Question: Determine the focal length of convex lens on the following points by describing the displacement met...

Question

Determine the focal length of convex lens on the following points by describing the displacement method:
i) Derivation of Formula
ii)Draw a ray diagram
iii)Observation table
iv) Precautions (any 2)

Answer 1

Solution

Let there be two pins placed. Then, find out the distance of the object and then find the distance of the image. Now, use the lens equation, $\dfrac{1}{f} = \dfrac{1}{v} - \dfrac{1}{u}$
Now, put the values of distance of image and object respectively in the above lens equation. From this, find out the focal length of the lens.

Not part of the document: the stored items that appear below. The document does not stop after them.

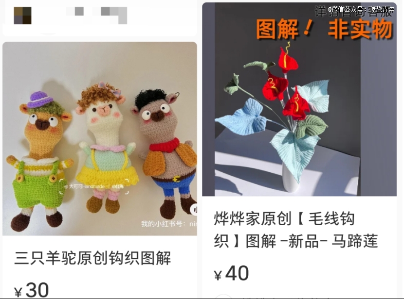 年轻人群体中不断上涨的钩织热,带火了一些让人意想不到的新兴生意,比如售卖原创钩织与针织图纸,根据设计难度,价格从几元到几十元不等。
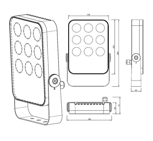 Proiettore orientabile da esterno; 23W - 230Vac 50Hz; 9 power LED; 4000K; CRI: 75÷85; ottica: 40°; corpo in pressofusione di alluminio in lega EN AW 47100; schermo in vetro temprato e serigrafato; finitura: antracite; temperatura di esercizio: -10°C +45°C; temperatura vetro: max 40°C (Ta 25°C); IPS integrato nel pressacavo; PCB tropicalizzati; NTC controllo della temperatura a bordo; grado di protezione contro i liquidi e i corpi solidi: IP66; grado di resistenza all'impatto IK06; Glow wire test: 960°; sicurezza fotobiologica: gruppo rischio 1 secondo EN62471:2006; montaggio su superfici fissando la piastra con viti e tasselli, a terra tramite picchetto opzionale; classe di isolamento I (230Vac); peso 2,10kg; dimensioni 283x89x77mm; collegamento 230Vac 50Hz; dimmerazione disponibile mediante 0-10V; alimentatore integrato; accessori disponibili: picchetto WP0300, nido d'ape WH5030, schermo antiabbagliamento WB5030H.
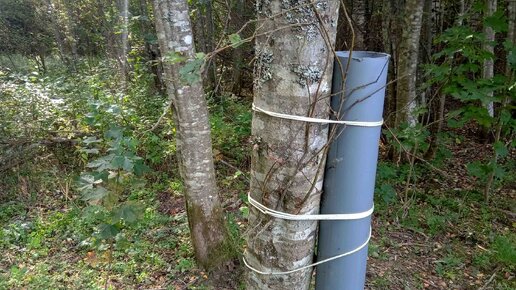 В глухом лесу обнаружили серую трубу на стволе дерева и выяснили для чего она служит
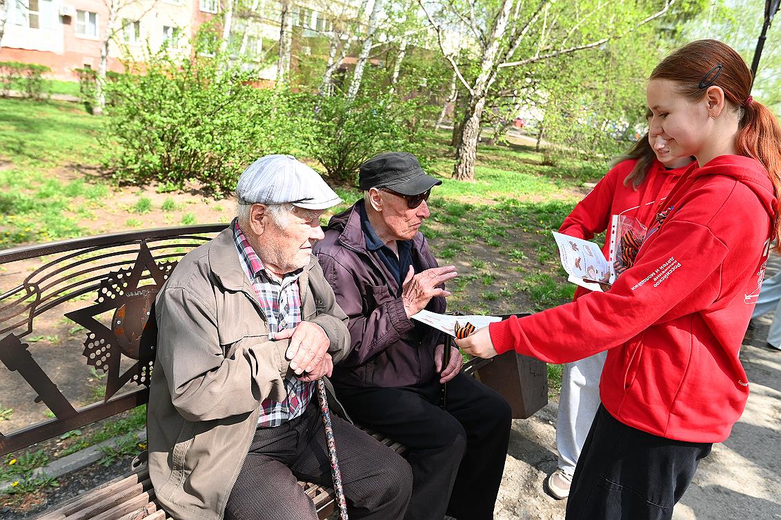 Мероприятие, организованное администрацией Ленинского района, сопровождалось раздачей георгиевских ленточек и буклетов, рассказывающих историю ее появления и правил ношения символа воинской славы.
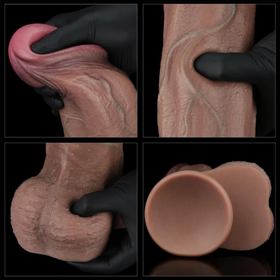 Yeni Nesil Çift Katmanlı 33 cm Realistik Dev Melez Dildo Penis
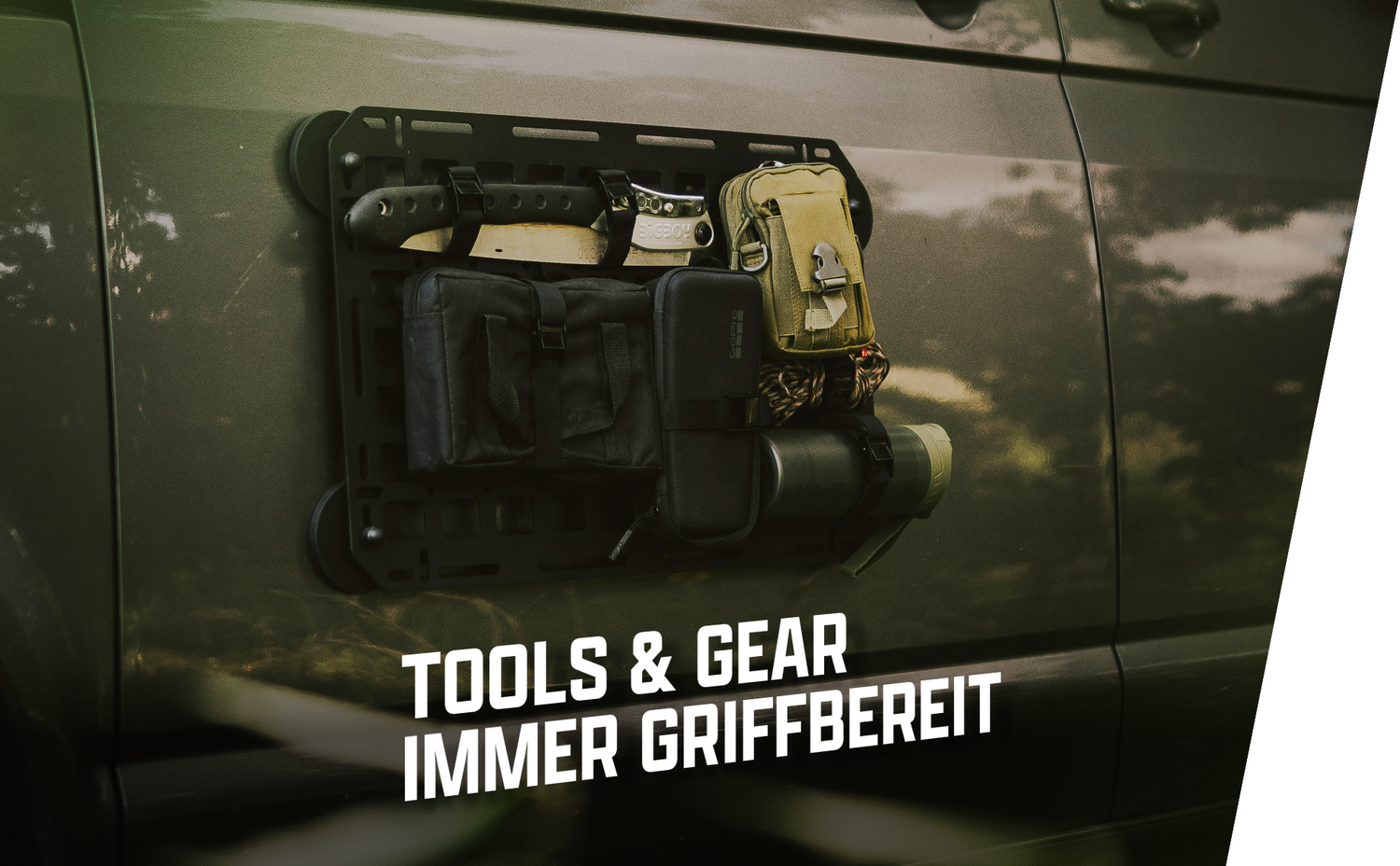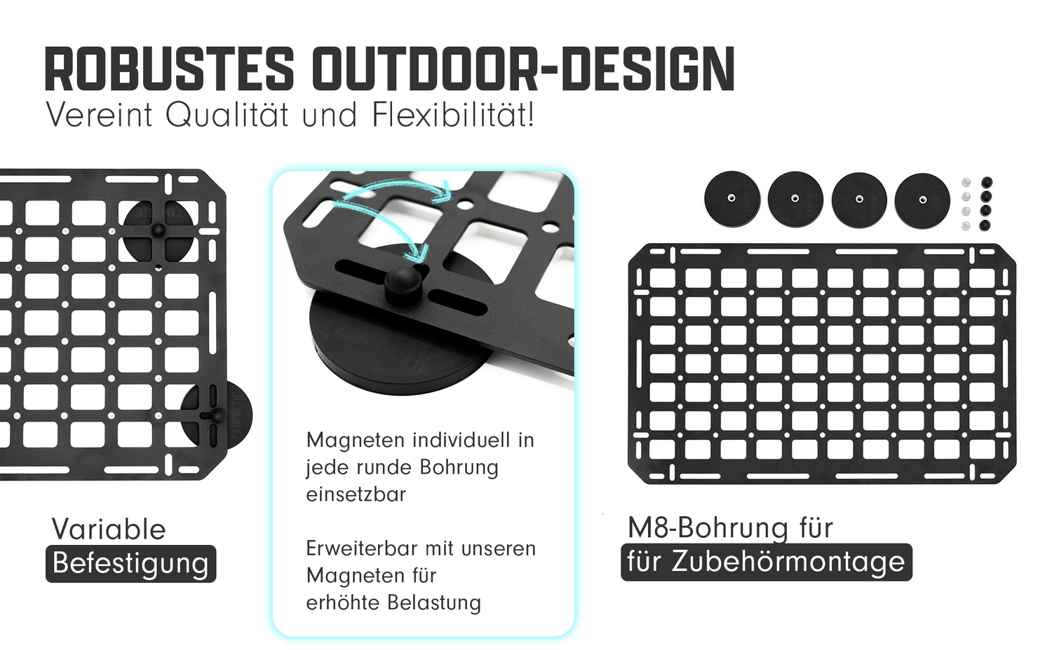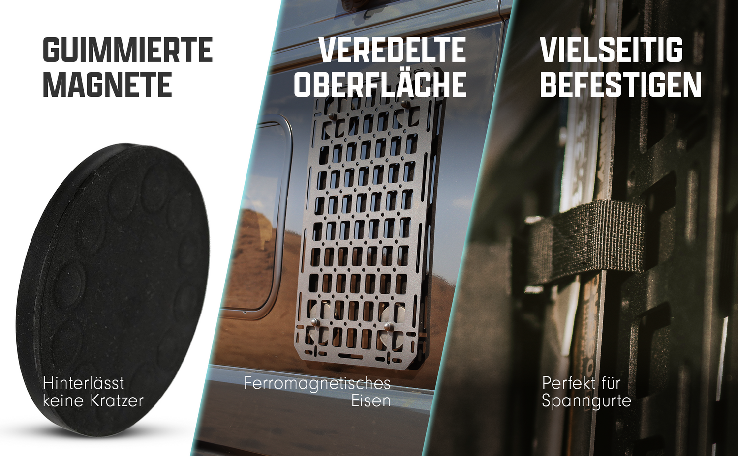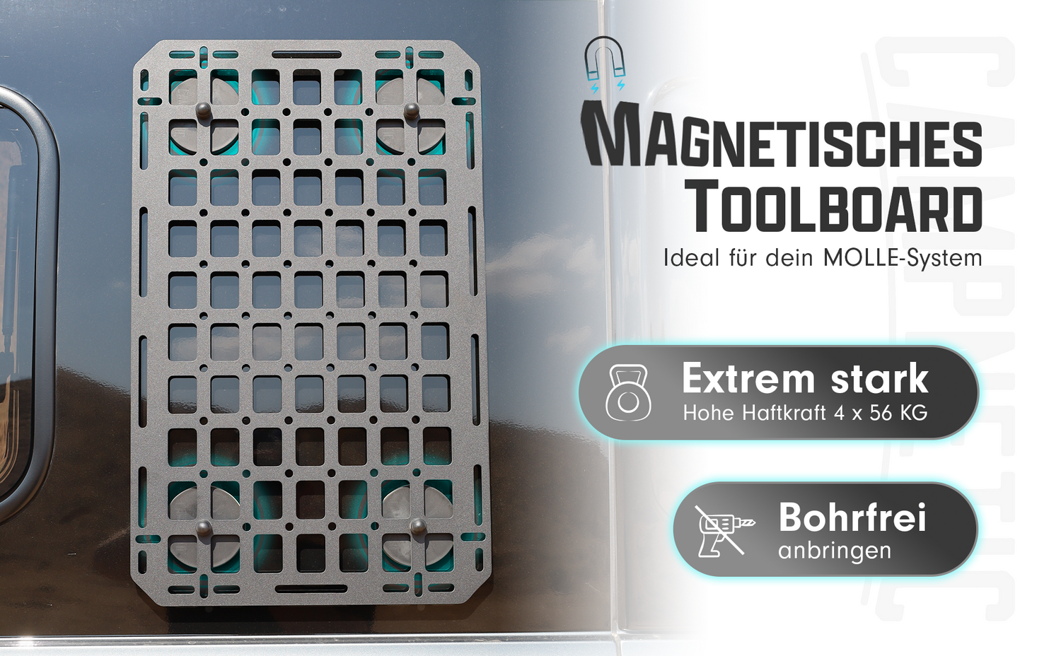 Das magnetische Toolboard – auch Molleboard, Utility Board oder Organzier Board genannt – ist die flexible Ordnungslösung für Vanlife, Offroad und Camper. Mit vier gummierten Neodym-Magneten (Ø 88 mm, je 56 kg Haftkraft) lässt es sich variabel – ganz ohne Bohren – am Fahrzeug befestigen. Die Magnete können in jede runde Bohrung des Boards eingesetzt und so optimal positioniert werden. Bei höherer Belastung lässt sich das Board mit zusätzlichen Magneten von uns erweitern. Die Oberfläche ist magnetisch, so halten auch Magnethalterungen direkt darauf. Zubehör lässt sich bequem über M8-Schrauben anbringen oder per Spanngurt fixieren. Die gummierte Magnetbasis schont den Lack, die Montage geht sekundenschnell, das Abnehmen ebenso.

Complete step by step Solution:
(i) Formula Derivation: Let there be two pins $AB$ and $CD$ respectively placed such that the distance between both of them is more than $uf$ .
When the lens is at $L$ then, let the image formed be $A'B'$ on pin $CD$
$\therefore OA = u \\\ OA' = v \\\ d = v + u \cdots (1) \\\$
The image is again formed on $CD$ because $A$ and $A'$ are conjugate foci. This happens in the second position of ${L_2}$
$O'A' = u \\\ O'A = v \\\$
Let the displacement of the lens be $x$ . Therefore,
$x = v - u \cdots (2)$
Using the value of $v$ from equation $(1)$ in equation $(2)$ we get,
$u = \dfrac{{d - x}}{2}$
Similarly, using the value of $u$ from equation $(1)$ in equation $(2)$ we get,
$v = \dfrac{{d + x}}{2}$
We know that, the lens formula is
$\dfrac{1}{f} = \dfrac{1}{v} - \dfrac{1}{u}$
Where, $f =$ focal length, $u =$ object distance and $v =$ image distance
Putting the values of $v$ and $u$ in lens formula
$\dfrac{1}{f} = \dfrac{1}{{\dfrac{{d + x}}{2}}} - \dfrac{1}{{\dfrac{{d - x}}{2}}}$
According to the sign convention, $u$ will be positive and $v$ is negative.
$\dfrac{1}{f} = \dfrac{1}{{\dfrac{{\left( {d + x} \right)}}{2}}} - \dfrac{1}{{ - \dfrac{{\left( {d - x} \right)}}{2}}} \\\ \Rightarrow \dfrac{1}{{\dfrac{{d + x}}{2}}} + \dfrac{1}{{\dfrac{{d - x}}{2}}} \\\ \dfrac{1}{f} = \dfrac{2}{{d + x}} + \dfrac{2}{{d - x}} \\\ \Rightarrow \dfrac{{2d - 2x + 2d + 2x}}{{(d + x)(d - x)}} \\\ \dfrac{1}{f} = \dfrac{{4d}}{{{d^2} - {x^2}}} \\\ f = \dfrac{{{d^2} - {x^2}}}{{4d}} \\\$
This is the required formula.

(ii) Ray diagram: The ray diagram can be made as

(iii) Observation Table

Position of object pin	Position of image pin	1st position of lens	2nd position of lens	Distance between pins	Displacement of lens	$f$
$a cm$	$b cm$	$m cm$	$n cm$	$d = b - a$	$x = n - m$	$\dfrac{{{d^2} - {x^2}}}{{ud}}cm$

(iv)Precautions: The line which joins the tip of pins and optical centre should lie on a horizontal line.
The distance between pins should be greater than 4 times of focal length.

Note: The focal length of lens should be four times less than the distance between two pins.
When using the lens formula, keep in mind the sign convention of distance of object, distance of image and focal length.